To compare the code paths more equally, make sure you use RenderWindow instead of SceneWindow and set the instancing count to a very high number, at least 10k, and make sure all matrices change in every frame.
And yes, you have to export the gamma patch to avoid other overhead.
You can also look into the Stride profiler to see how much time the actual draw call is using. And I believe in beta dx11 there is a query for the draw call time too.
the beta Renderer has no depth buffer set, you need to enable that in the inspector. and the pixel shader seems to take more time than the vertex shader in this simple patch, so window size matters a lot.
if I set them to the same size on my 4k screen, they both use exactly the same GPU resources with 100k objects, about 7% on my RTX 3070 mobile.
every other outcome would be quite strange since they both use DX11 as the backend, have the same shader, and do the same draw calls.
the only differences are on the CPU, where beta is faster as it doesn’t allocate memory for the large spreads in every frame, if you use an allocation-free approach in gamma, it is the same CPU utilization too, about 12% on my laptop with 100k objects…

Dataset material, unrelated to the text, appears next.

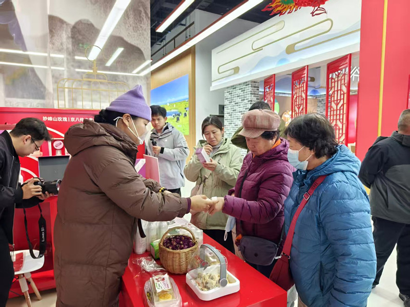 “妙峰山玫瑰”展台不仅提供了玫瑰酥饼供消费者品尝,还带来了以妙峰山玫瑰为原料研制的玫瑰精油、纯露、润肤霜等玫瑰系列护肤品。“我们的护肤品是由妙峰山玫瑰提取的精油生产的,质地滋润还有玫瑰的清香,非常适合秋冬使用!”妙峰山玫瑰采摘加工技艺第四代传承人李冉热情地向消费者介绍产品特点,产品销售火爆,尤其受到女性顾客的青睐。

Unfortunately output splicers and the spread generator nodes both allocate new memory when animated. you won’t notice with lower spread counts but at 100k it is quite heavy, having gen2 collections every few frames which block the main loop.
it also uses the Translation node which doesn’t do any trigonometry for rotations and no matrix multiplications.
the patch above avoids both and re-uses the memory of a MutableList which doesn’t get downsized by the .NET runtime when you clear it.